The SEC files a lawsuit against crypto company Ripple, setting up an important legal showdown
Mike Winkelmann, aka “Beeple,” sells a piece of NFT art for $69 million
The American oil delivery system known as the Colonial Pipeline experiences a ransomware attack enabled by crypto
U.S. Treasury requires any crypto transfer worth $10,000 or more to be reported to the IRS
El Salvador passes a law declaring bitcoin as legal tender
The People’s Bank of China bans all cryptocurrency transactions
The Justice Department announces the launch of the National Cryptocurrency Enforcement Team (NCET)
Bitcoin soars above $60,000 for the first time
Super Bowl smash time
A set of Super Bowl commercials storms the airwaves, and crypto’s cultural moment is here. Pew Research several months earlier had reported that 16 percent of Americans have traded or transacted in cryptocurrency, and the industry wants to grow it further. Bitcoin is now frequently above $40,000. Cryptocompanies are rolling in digital dough — enough to pay Matt Damon, LeBron James, Larry David and others to tout their products. Two NBA arenas are renamed for crypto exchanges.
A growing group of critics — mainly tech figures and academics, but also a handful of lawmakers — raise alarms. But the tech is going mainstream, with legacy entities like Fidelity encouraging more crypto investment. Barely three years removed from the end of the crypto winter, a crypto summer arrives.
Russia invades Ukraine, which quickly begins soliciting donations in crypto
New York couple Heather Morgan and Ilya Lichtenstein are arrested for allegedly scheming to launder billions in crypto
The blockchain associated with videogame Axie Infinity is hacked, leading to the theft of more than $600 million in cryptocurrency
Stablecoin Terra proves anything but
Over a few weeks beginning in May, crypto collapses. It starts with terra — a hot stablecoin and a companion token — falling apart. Whales and institutions sell it frantically, wiping out the wealth of hundreds of thousands of investors.

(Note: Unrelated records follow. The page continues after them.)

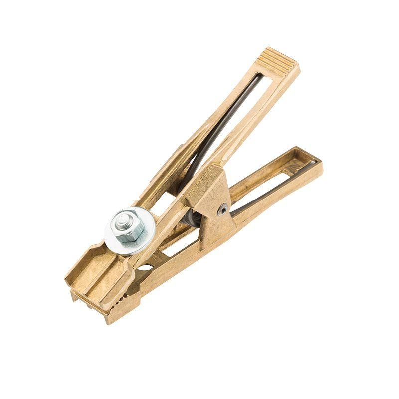 Зажим типа "крокодил" 400А 170мм для сварки (латунь) совместим со всеми стандартными сварочными кабелями сечением до 35–50 мм2. Кабель фиксируется через болтовое соединение внутри корпуса - достаточно затянуть гайку отверткой. Установка занимает менее минуты: просто закрепите кабель, затем зафиксируйте зажим на чистую металлическую поверхность. Для лучшего контакта рекомендуется предварительно зачистить место присоединения от ржавчины, краски или масла.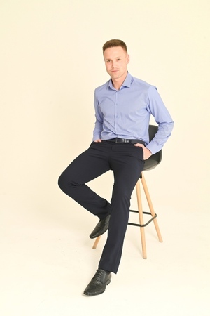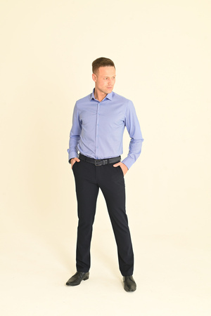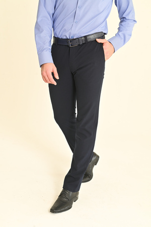 Брюки мужские Слим полуприлегающего силуэта, скроенные по современным лекалам - идеально сидят на фигуре и подчёркивают её достоинства. Брюки без стрелок, изготовлены из костюмных смесовых тканей с добавлением эластана, за счёт чего обеспечивается лёгкость ухода, долговечность и комфорт при носке. Оптимальный вариант одежды для работы и повседневного использования.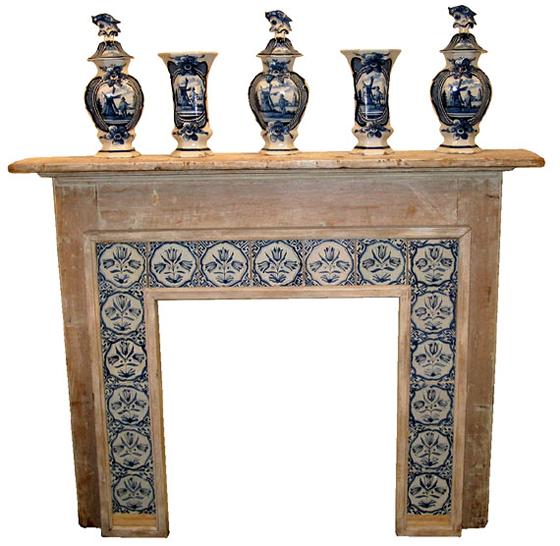 Five Piece Mid-18th Century Signed Delft Garniture Set Above an early New England mantel enclosing a set of early 17th century cobalt blue and white triple tulip tiles.
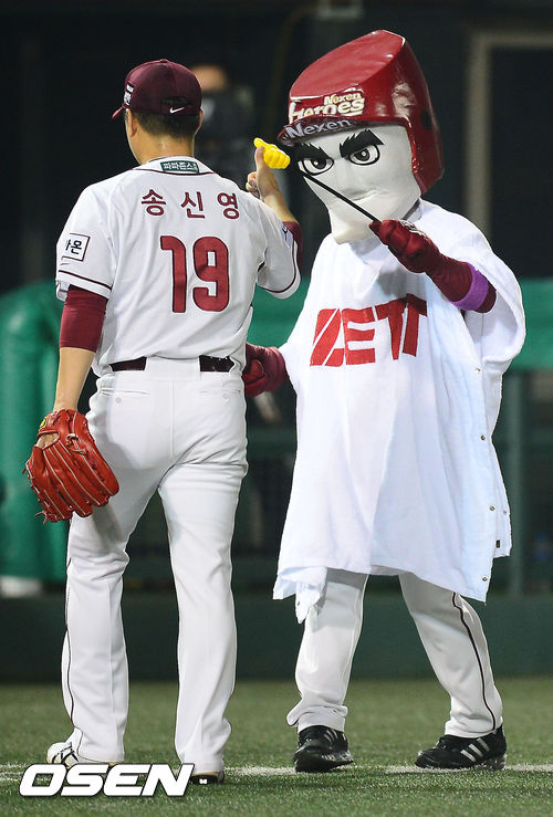 6일 오후 목동구장에서 열린 2013 한국야쿠르트 세븐프로야구 넥센 히어로즈와 LG 트윈스의 경기, 7회초를 마친 넥센 송신영이 턱돌이와 하이파이브를 하고 있다.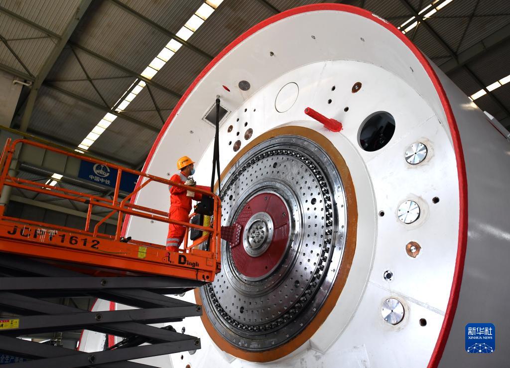 工人在位于河南省鄭州市的中鐵工程裝備集團盾構機總裝車(chē)間作業(yè)(2020年3月18日攝)。新華社記者 李嘉南 攝

The erosion of something so hot has a negative effect throughout the industry. Crypto-banks Celsius and BlockFi, hedge fund Three Arrows Capital and broker Voyager face liquidity and other issues, with investors in many cases unable to get their money back. Celsius, Three Arrows and Voyager file for bankruptcy. FTX and Sam Bankman-Fried step in to provide a credit facility to BlockFi, for instance, but the long-term solvency of many of these entities is questionable. Trading platform Coinbase lays off 18 percent of its staff, with additional cuts in the fall. Bitcoin hovers in the low 20s for much of the summer, less than half its value from the comparatively go-go days of March.
In September, ethereum is able to move its platform to a faster, cheaper and more environmentally friendly operating mechanism, in a shift known as “The Merge” — a bright spot that turns out to be short-lived.
Bitcoin drops below $19,000, its lowest price since 2020
Ethereum switches to a new transaction system, hoping to reduce crypto’s environmental toll. Bitcoin again dips below $19,000, wiping out the summer’s gains.
Over a few dramatic days in November, FTX faces a liquidity crisis and is nearly rescued by Binance. But after reviewing FTX’s books, Binance reneges, forcing FTX to file for bankruptcy. Bankman-Fried resigns as chief executive. Meanwhile, many customers can’t get their money — withdrawals are frozen.
Crypto investment is thrown into turmoil as bitcoin drops to its lowest point in nearly two years. The industry, and world, is left to wonder whether crypto can survive another crisis.